What to do ▸
Repeat the listing that follows character for character, omitting images.

Exercise inputs ▸
* * *

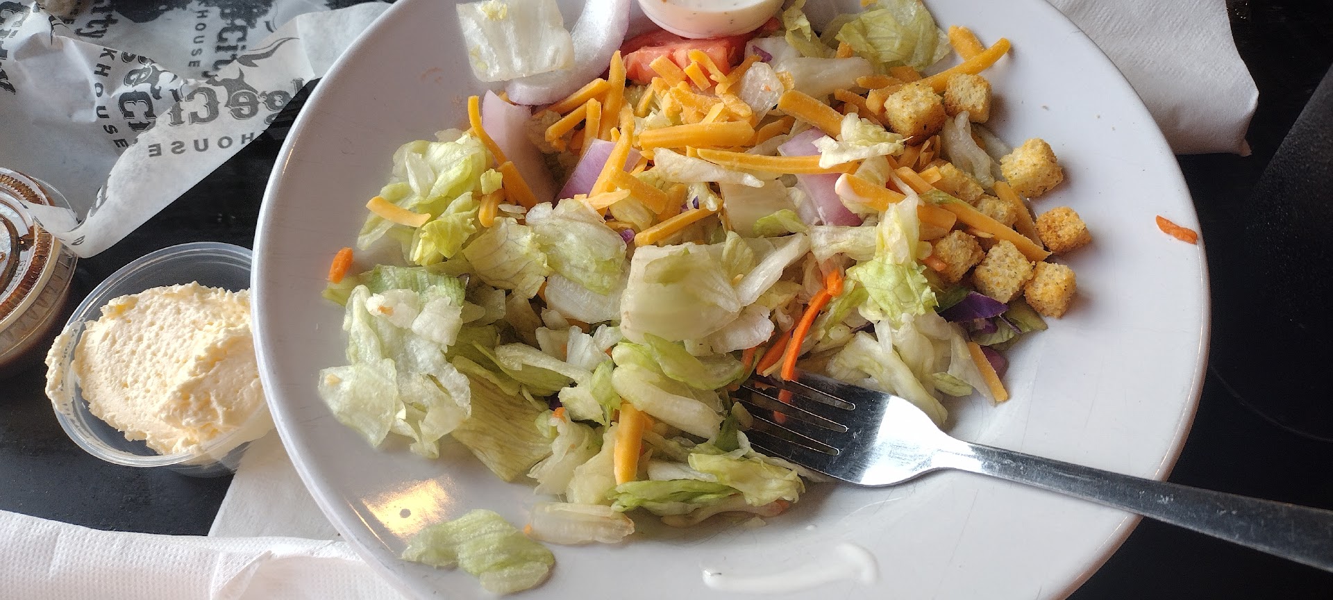 I ordered the Dead Eye Ribeye which is their biggest steak (18oz) and is priced at $29.99. I had fries and a salad. (Photos attached)
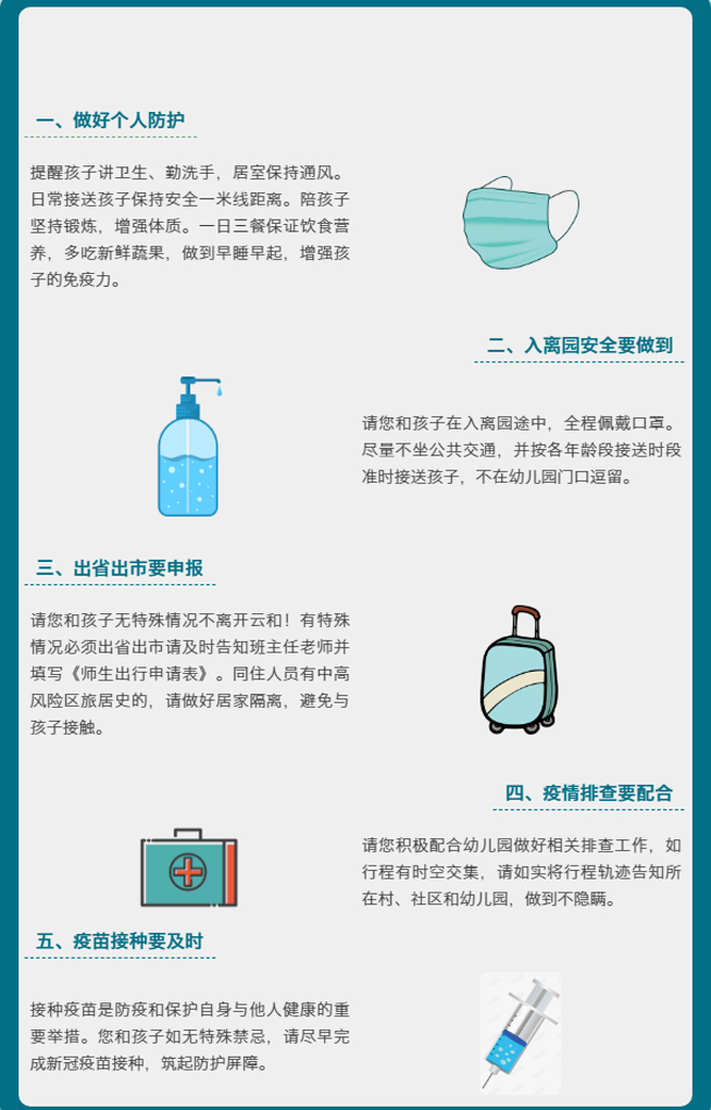 鉴于我省三地确诊多例新冠肺炎病例,伴随着秋冬季流感、疱疹性咽峡炎、手足口病、诺如病毒等传染病高发期,我们面临的疫情防控形势非常严峻。常态化疫情防控需要大家的坚持和配合,在幼儿园切实做好新冠肺炎疫情防控工作的同时,希望家长能积极配合,做好常态化疫情个人防护。
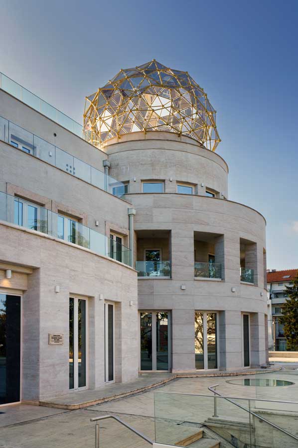 The dome crowning the circular rotunda at the prominent street-facing corner of the Madlena Art Palace is the creation of architect Zoran Aleksić, with collaborator designer Strahinja Pakaški. The lighting design was crafted by Miroslav Mirković.
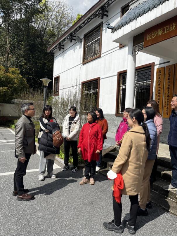 之后,教工三支部和多语种工会的成员们前往影珠山抗战陈列馆,教工三支部书记陈小法教授讲述了“新学期第一堂党课”,宣讲党的创新理论和在工作中的创新实践,解读党中央实施科教兴国战略和推进教育、科技、人才“三位一体”的重大部署,阐释高校对接服务湖南“三高四新”战略定位和使命任务的新思路新举措,引领教师们努力工作,为建设高质量高等教育体系贡献智慧和力量。
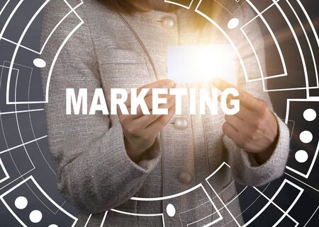 Marketing strategy concept on virtual screen. Internet, advertising and digital technology concept. Sales growth.
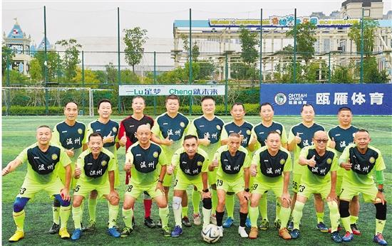 温州老年足球队部分队员留念。后排右三为金志敏,后排左一为王开成。
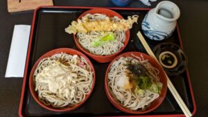 昼食は、創業300年以上の歴史を誇る蕎麦屋『手打ち蕎麦 鶴㐂(つるき)』で『近江結味蕎麦』を頂きました。『手打ち蕎麦 鶴㐂(つるき)』は、比叡山で断食の行を終えた修行僧たちが、弱った胃を慣らす為に、まず食したのが消化の良い蕎麦だと言われ、僧侶達の食事所として栄えてきたそうです。
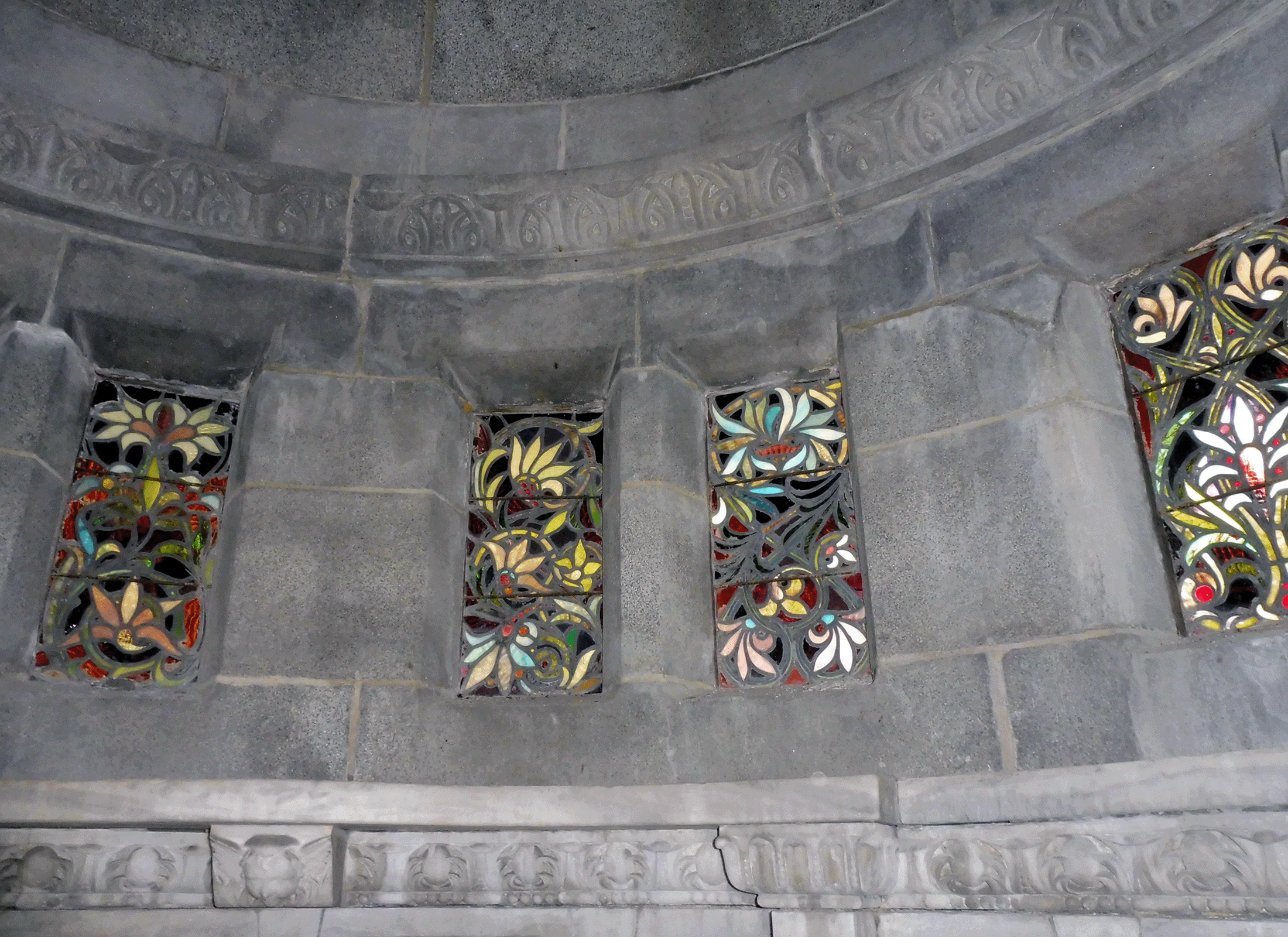 The monument consists of a tower-like structure with a basilica plan and a below-grade crypt, all designed in a Romanesque style.
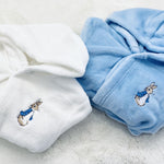 This luxurious personalised white hooded fleece robe is a timeless piece that little ones will adore. With a soft snuggly hood, peter rabbit embroidered on the front, secure waist tie and two large front pockets, little ones will be all set for bedtime, cosy days in and lazy weekend mornings. Personalise this peter dressing gown with the name of a little one for a special gift that will bring them joy every day.
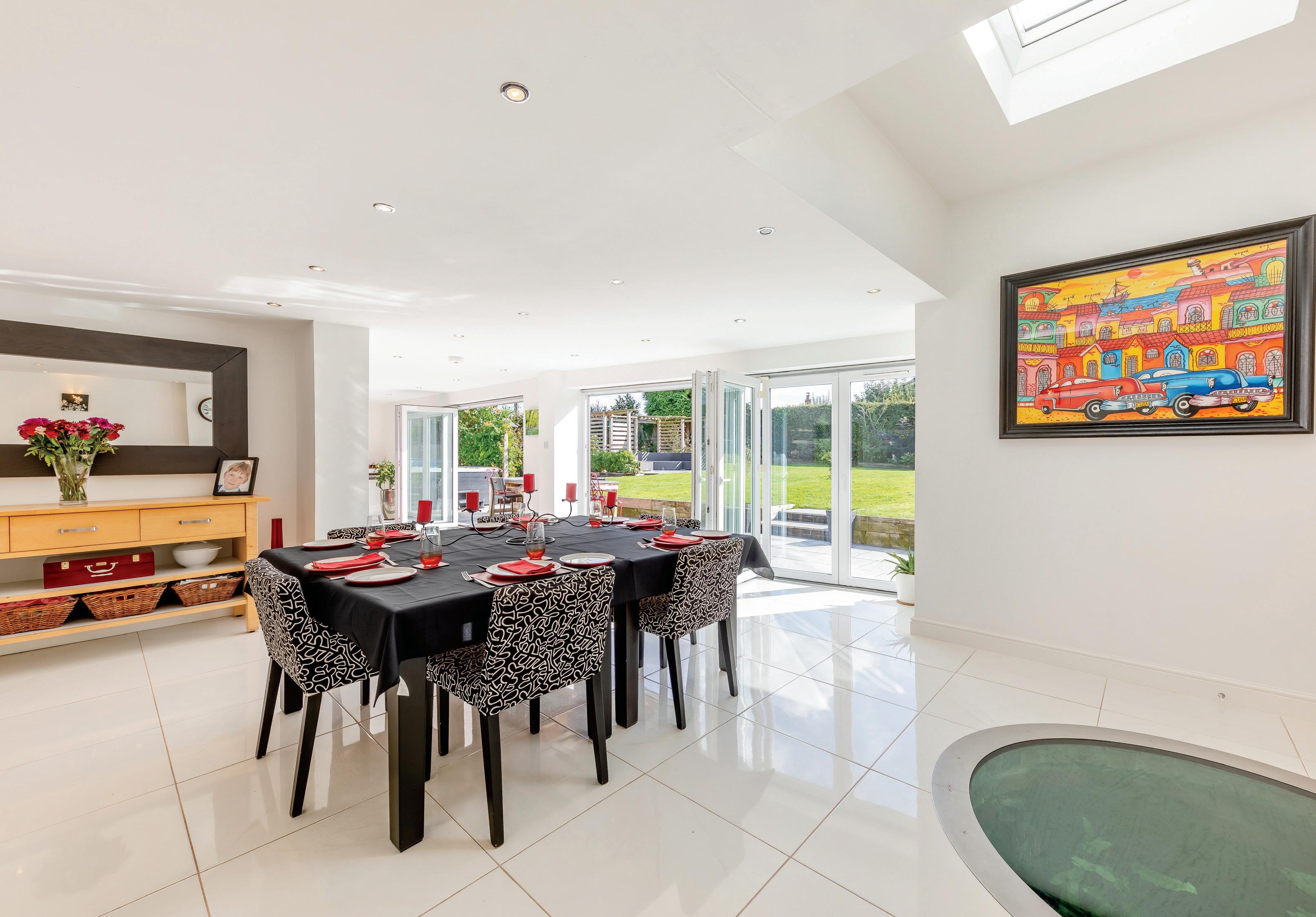 ‘One of the best things about the property is the open plan space and good flow, especially from inside to out. 10 mitres of bi folds leading out to a large patio – one of two – from the kitchen/dining area make sure of this!’
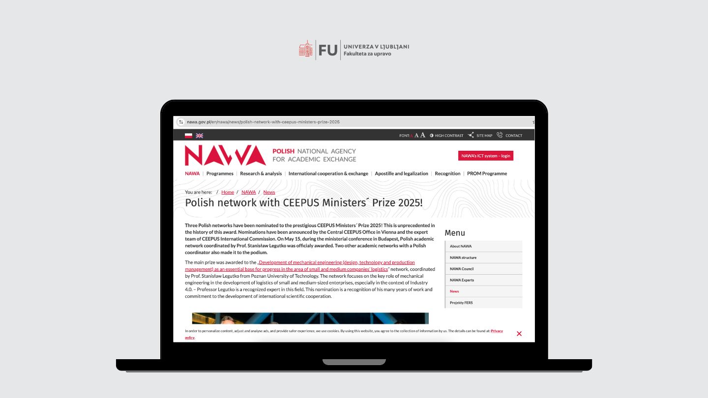 CEEPUS mreža Border and Regional Studies Network, v katero je vključena tudi naša fakulteta, je na zasedanju skupnega ministrskega zbora CEEPUS v Budimpešti zasedla 2. mesto v okviru nominacije za prestižno CEEPUS ministrsko nagrado za leto 2025. Več informacij o letošnjih nagrajencih si lahko preberete TUKAJ.
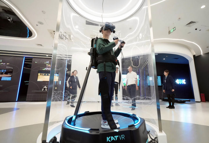 在位于江蘇蘇州昆山市的昆山元宇宙產(chǎn)業(yè)園元宇宙展示廳里,參觀者體驗VR游戲(6月1日攝)。新華社記者 李尕 攝

* * *

Result of this exercise ▸
 I ordered the Dead Eye Ribeye which is their biggest steak (18oz) and is priced at $29.99. I had fries and a salad. (Photos attached)
 鉴于我省三地确诊多例新冠肺炎病例,伴随着秋冬季流感、疱疹性咽峡炎、手足口病、诺如病毒等传染病高发期,我们面临的疫情防控形势非常严峻。常态化疫情防控需要大家的坚持和配合,在幼儿园切实做好新冠肺炎疫情防控工作的同时,希望家长能积极配合,做好常态化疫情个人防护。
 The dome crowning the circular rotunda at the prominent street-facing corner of the Madlena Art Palace is the creation of architect Zoran Aleksić, with collaborator designer Strahinja Pakaški. The lighting design was crafted by Miroslav Mirković.
 之后,教工三支部和多语种工会的成员们前往影珠山抗战陈列馆,教工三支部书记陈小法教授讲述了“新学期第一堂党课”,宣讲党的创新理论和在工作中的创新实践,解读党中央实施科教兴国战略和推进教育、科技、人才“三位一体”的重大部署,阐释高校对接服务湖南“三高四新”战略定位和使命任务的新思路新举措,引领教师们努力工作,为建设高质量高等教育体系贡献智慧和力量。
 Marketing strategy concept on virtual screen. Internet, advertising and digital technology concept. Sales growth.
 温州老年足球队部分队员留念。后排右三为金志敏,后排左一为王开成。
 昼食は、創業300年以上の歴史を誇る蕎麦屋『手打ち蕎麦 鶴㐂(つるき)』で『近江結味蕎麦』を頂きました。『手打ち蕎麦 鶴㐂(つるき)』は、比叡山で断食の行を終えた修行僧たちが、弱った胃を慣らす為に、まず食したのが消化の良い蕎麦だと言われ、僧侶達の食事所として栄えてきたそうです。
 The monument consists of a tower-like structure with a basilica plan and a below-grade crypt, all designed in a Romanesque style.
 This luxurious personalised white hooded fleece robe is a timeless piece that little ones will adore. With a soft snuggly hood, peter rabbit embroidered on the front, secure waist tie and two large front pockets, little ones will be all set for bedtime, cosy days in and lazy weekend mornings. Personalise this peter dressing gown with the name of a little one for a special gift that will bring them joy every day.
 ‘One of the best things about the property is the open plan space and good flow, especially from inside to out. 10 mitres of bi folds leading out to a large patio – one of two – from the kitchen/dining area make sure of this!’
 CEEPUS mreža Border and Regional Studies Network, v katero je vključena tudi naša fakulteta, je na zasedanju skupnega ministrskega zbora CEEPUS v Budimpešti zasedla 2. mesto v okviru nominacije za prestižno CEEPUS ministrsko nagrado za leto 2025. Več informacij o letošnjih nagrajencih si lahko preberete TUKAJ.
 在位于江蘇蘇州昆山市的昆山元宇宙產(chǎn)業(yè)園元宇宙展示廳里,參觀者體驗VR游戲(6月1日攝)。新華社記者 李尕 攝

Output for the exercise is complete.